KRONIKAL.ORG, KUTAI TIMUR — Kebakaran hebat yang melanda Desa Batu Timbau, Kecamatan Batu Ampar, menyisakan dampak serius. Sebanyak 109 kepala keluarga (KK) kehilangan tempat tinggal setelah puluhan rumah di tiga RT hangus dilalap api, Kamis (26/3/2026).
Api dilaporkan bermula dari salah satu rumah warga sebelum merembet cepat ke RT 01, 09, dan 10. Dalam waktu singkat, permukiman padat itu berubah menjadi puing.
Di tengah kondisi darurat, Wakil Ketua II DPRD Kutai Timur, Prayunita Utami, langsung turun tangan. Sehari setelah kejadian, ia mendistribusikan bantuan sembako ke posko pengungsian di Kecamatan Batu Ampar.
“Yang paling penting saat ini memastikan kebutuhan dasar warga terpenuhi, terutama makanan dan tempat tinggal sementara,” ujarnya, Minggu (29/3/2026).
Menurutnya, penanganan cepat menjadi kunci agar kondisi pengungsi tidak semakin memburuk. Ia memastikan bantuan yang disalurkan tepat sasaran dan menjangkau warga terdampak.
Selain bantuan logistik, Prayunita juga mendorong solidaritas warga sekitar. Ia mengimbau masyarakat yang tidak terdampak untuk membantu keluarga atau tetangga yang kehilangan rumah.
“Di situasi seperti ini, gotong royong sangat dibutuhkan. Jangan sampai ada warga yang kesulitan makan atau tidak punya tempat berlindung,” tegasnya.

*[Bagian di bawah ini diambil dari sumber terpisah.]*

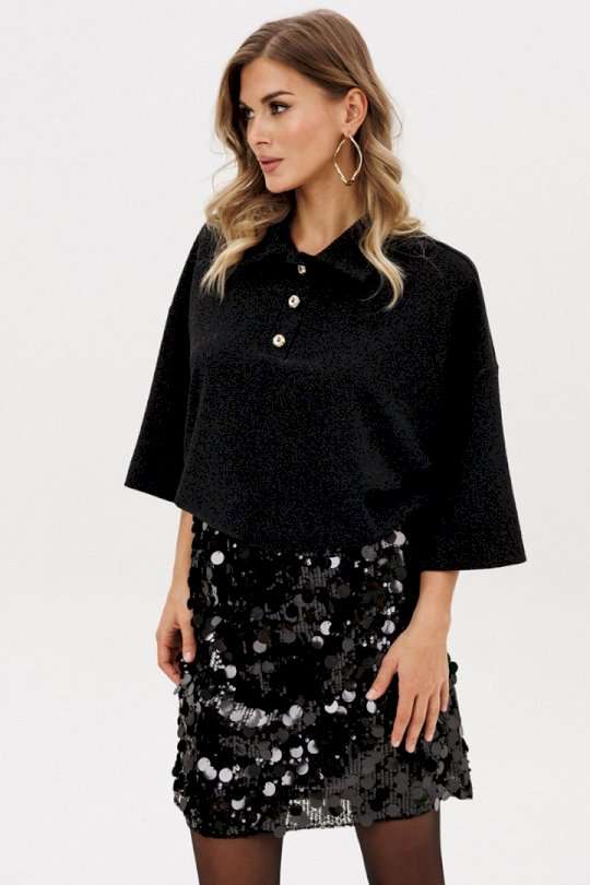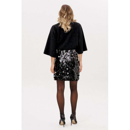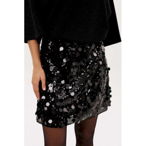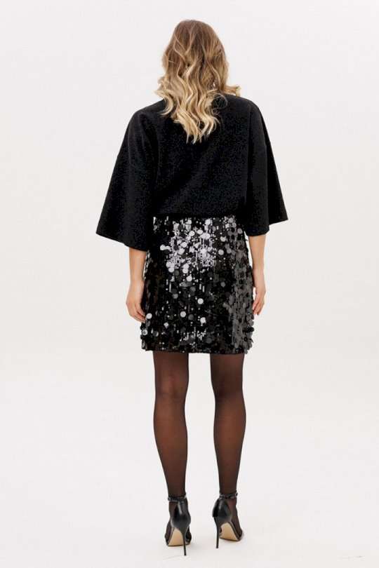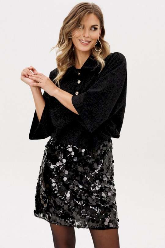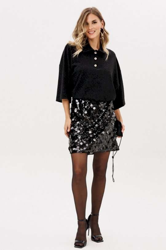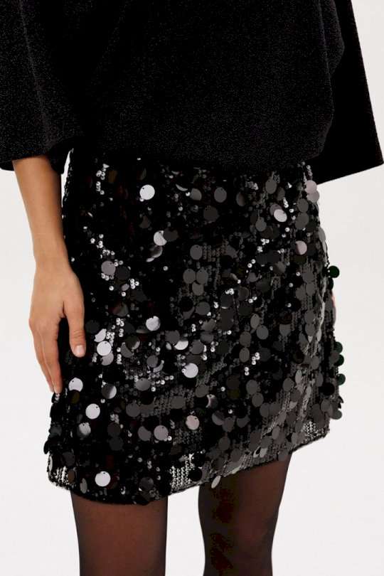 Юбка выполнена из трикотажного полотна в крупные пайетки на сетке. Юбка прямого силуэта, длиной выше колена. Юбка на притачном поясе из бархата, с эластичной тесьмой. Юбка на отлетной по низу подкладке. Длина юбки с поясом: р. 44-48 - 50,5 см, р. 50-54 - 52 см.
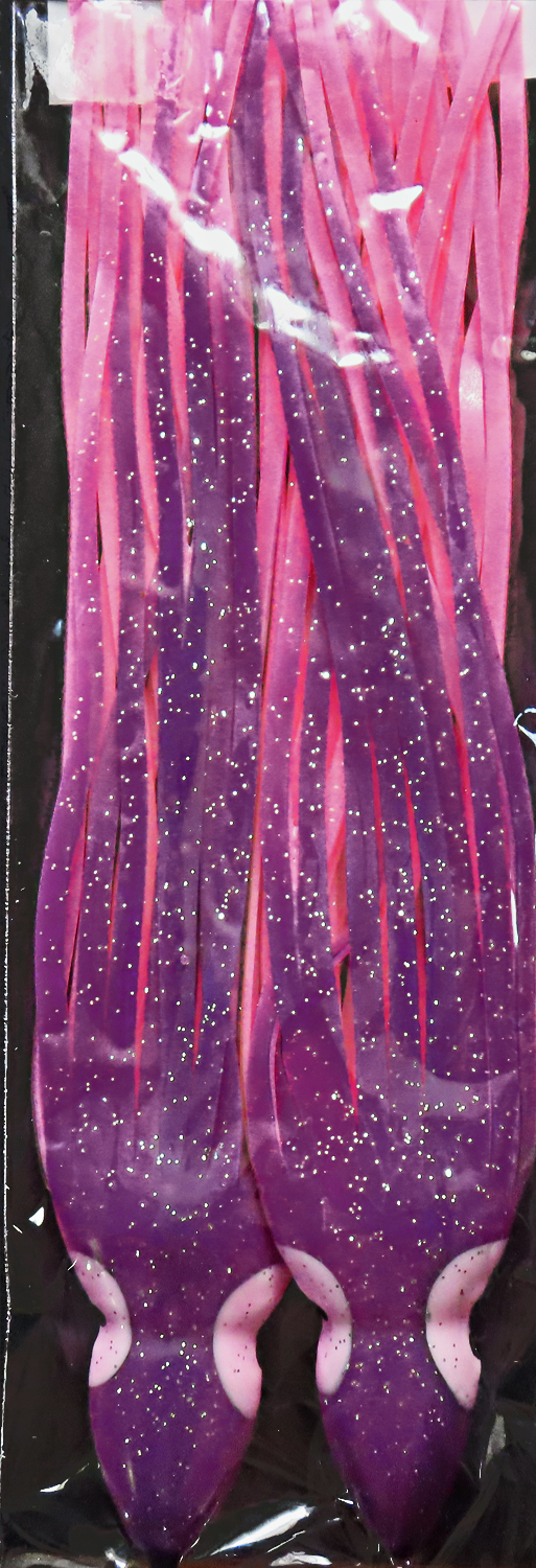 Purple over Hot Pink.Hollow, soft plastic trolling or jigging lure. Easily rigged with beads or lead sinkers and a hook. These are commonly referred to as a hootchies, hoochie or octopus skirt.
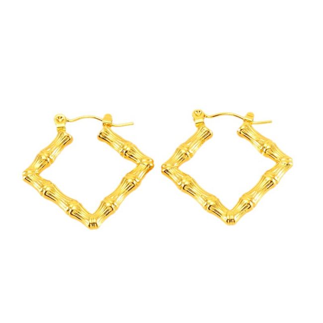 Geometric Bamboo-Inspired Titanium Gold-Plated Drop Earrings for Women
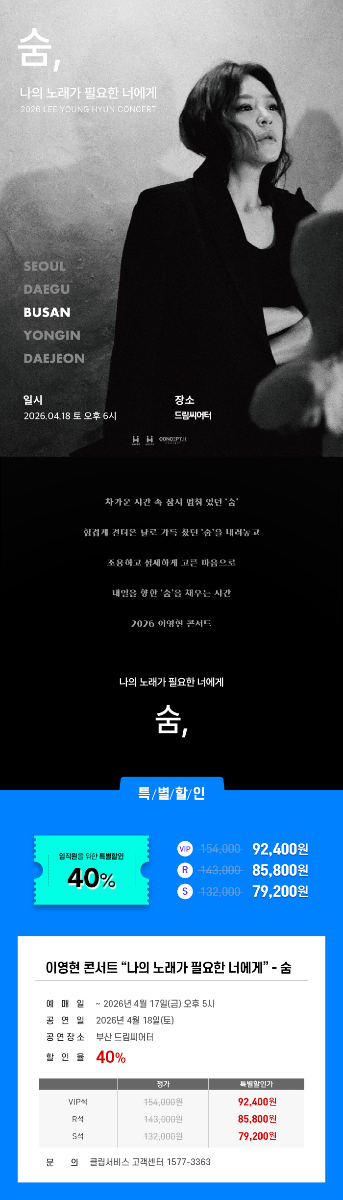 2026 이영현 콘서트 “나의 노래가 필요한 너에게” - 숨 in 부산 특별할인

Ia juga mengaku telah berkoordinasi dengan sejumlah pihak terkait untuk memastikan proses pemulihan berjalan cepat, termasuk penanganan pascabencana agar tidak berlarut.
Hingga kini, warga terdampak masih bertahan di posko pengungsian sambil menunggu bantuan lanjutan dan kepastian langkah rehabilitasi.
“Kami akan terus memantau. Yang penting sekarang, semua kebutuhan dasar warga harus terpenuhi,” tutupnya.